-- Task directions --
Reproduce only what runs from the line containing "运输中发生货损最普遍的因素是" to the line containing "KOSPI 최근 12개월" in the records below, inclusive. Keep it exact, and keep the pictures out.

-- Exercise materials --
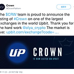 오늘의 코박 커뮤니티 1일 상승률 코인은 크라운코인 이였습니다. 아침에만 어제까지 200원초반대로 횡보하다가 오늘 아침에 반짝 신호가 오더니 오전에만 두배 600원을 돌파하더니 최고 700원대까지 찍고 현재는 500후반대를 유지 하고 있습니다. 아침에도대체 크라운코인이 뭐길래 이렇게 펌핑이 된것일까요? 와~ 이런건 도대체 어떻게 알수 있고 왜이렇게 펌핑이 되는 것일까요 ??바로 바로 국내 최대 코인 거래소 업비트 BTC 마켓에 상장되는 호재가 아닐까 합니다. 크라운 코인인란?크라운은 사용자가 새로운 이코노미 애플리케이션을 개발하고 운영할 수 있는 환경을 제공하는 블록체인 응용 프로그램 플랫폼입니다. 크라운 플랫폼은 이 인프라를 이용하여 법적 구속력이 있는 계약과 스마트 컨트랙트가 함께 이행되게 합니다. ..
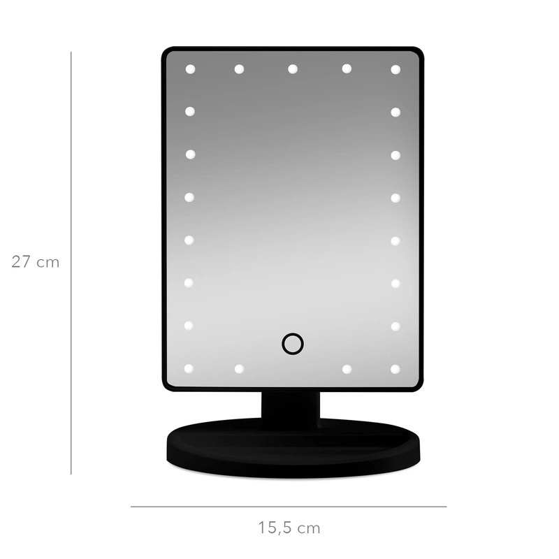Med sin størrelse er dette spejl både praktisk og stilfuldt, og det perfekte valg for kvinder i alle aldre. Spejlet bruger 4 x AA batterier (medfølger ikke).
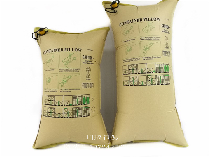 运输中发生货损最普遍的因素是:运输过程中来自前后或左右的货物之间的碰撞而造成包装破损。集装箱充气袋具有单向逆止气阀、安全不漏气、放气迅捷、密闭牢固、可承受七吨以上的压力,广泛应用于集装箱、海运、拖车、火车等各种运输方式中;填充货物之间的空隙,协助固定位置,支撑货物因摇晃而产生的重量,吸收震动,保护运输途中的货物,避免移动和相互碰撞,起到缓冲,防倒塌等作用使货物安全无损;特别适用于托盘、整板、成批集装箱化运输的货物。也作为特殊货物在集装箱内定位使用。充气袋使用方便、快捷,可大大节约装箱时间,提高装卸速度、效率,降低运输成本,可以重复使用,更是国际货物运输中原木或发泡胶的新型环保替代产品,已经是国际上越来越普遍采用的集装箱填充方式。产品符合出口欧美国家环保标准。
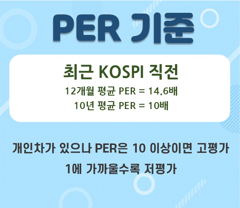KOSPI 최근 12개월 평균 PER은 14.6배 이며, 10년 평균 PER은 10배 입니다. 개인마다 기준을 두는 차이가 있으나 현재 투자하고자 하는 기업의 PER이 10이상이면 고평가되어 있다고 판단하며, 1에 가까울수록 저평가 되었다는 것을 의미합니다.
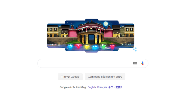 Hình ảnh Chùa Cầu, biểu tượng của Hội An lung linh dưới ánh đèn lồng xuất hiện trên trang chủ Google Doodles tiếng Việt. |

-- The answer --
 运输中发生货损最普遍的因素是:运输过程中来自前后或左右的货物之间的碰撞而造成包装破损。集装箱充气袋具有单向逆止气阀、安全不漏气、放气迅捷、密闭牢固、可承受七吨以上的压力,广泛应用于集装箱、海运、拖车、火车等各种运输方式中;填充货物之间的空隙,协助固定位置,支撑货物因摇晃而产生的重量,吸收震动,保护运输途中的货物,避免移动和相互碰撞,起到缓冲,防倒塌等作用使货物安全无损;特别适用于托盘、整板、成批集装箱化运输的货物。也作为特殊货物在集装箱内定位使用。充气袋使用方便、快捷,可大大节约装箱时间,提高装卸速度、效率,降低运输成本,可以重复使用,更是国际货物运输中原木或发泡胶的新型环保替代产品,已经是国际上越来越普遍采用的集装箱填充方式。产品符合出口欧美国家环保标准。
KOSPI 최근 12개월 평균 PER은 14.6배 이며, 10년 평균 PER은 10배 입니다. 개인마다 기준을 두는 차이가 있으나 현재 투자하고자 하는 기업의 PER이 10이상이면 고평가되어 있다고 판단하며, 1에 가까울수록 저평가 되었다는 것을 의미합니다.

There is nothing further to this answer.